Spacy seems to be the go to package for NLP real life application projects, since it's very convenient out of the box and quite perfoming. However when the text is not in english the results of the model are not what we would expect, so a better way to perform lemmatization on text is needed.

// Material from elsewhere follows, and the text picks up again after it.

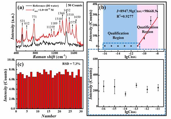 針對(duì)以上問(wèn)題,華南師范大學(xué)金名亮研究員和水玲玲教授課題組通過(guò)在電偶置換反應(yīng)中引入十六烷基三甲基溴化銨(CTAB),在硅基表面成功制備了大面積(4英寸)的銀納米顆粒團(tuán)簇SERS基底。該方法成本低廉,步驟簡(jiǎn)單,且制備的SERS基底具有高靈敏度和較好的信號(hào)重復(fù)性。通過(guò)在反應(yīng)液中引入 CTAB,一方面,CTAB可作為膠束模板,使銀納米顆粒粒徑均勻并有助于形成銀納米顆粒團(tuán)簇;另一方面,在 SERS 檢測(cè)過(guò)程中,吸附在銀納米顆粒表面的 CTAB 分子可富集溶液中的探針?lè)肿樱兄谶M(jìn)一步提高拉曼信號(hào)的增強(qiáng)效果。實(shí)驗(yàn)結(jié)果表明,以羅丹明6G(R6G)為探針?lè)肿訒r(shí),銀納米顆粒團(tuán)簇SERS基底定性檢測(cè)限可達(dá)1.0×10-16 M,相對(duì)標(biāo)準(zhǔn)偏差(RSD)低至7.3%。此外,該SERS基底成功的實(shí)現(xiàn)了在水溶液中高靈敏檢測(cè)氨基酸生物小分子,有望用于實(shí)時(shí)生物分子診斷。

On the following section we present comparisons between the results from using Spacy's model for lemmatization and a new package that we found, Stanza.

In [88]:
import spacy
import stanza
from nltk.corpus import stopwords

In [86]:
def parallelize(df, func, cores):
    num_of_processes = cores
    data_split = np.array_split(df, num_of_processes)
    pool = Pool(num_of_processes)
    data = pd.concat(pool.map(func, data_split))
    pool.close()
    pool.join()
    return data

def run_on_subset(func, extra_data, data_subset):
    # data_subset is a series
    return data_subset.apply(func, args=(extra_data))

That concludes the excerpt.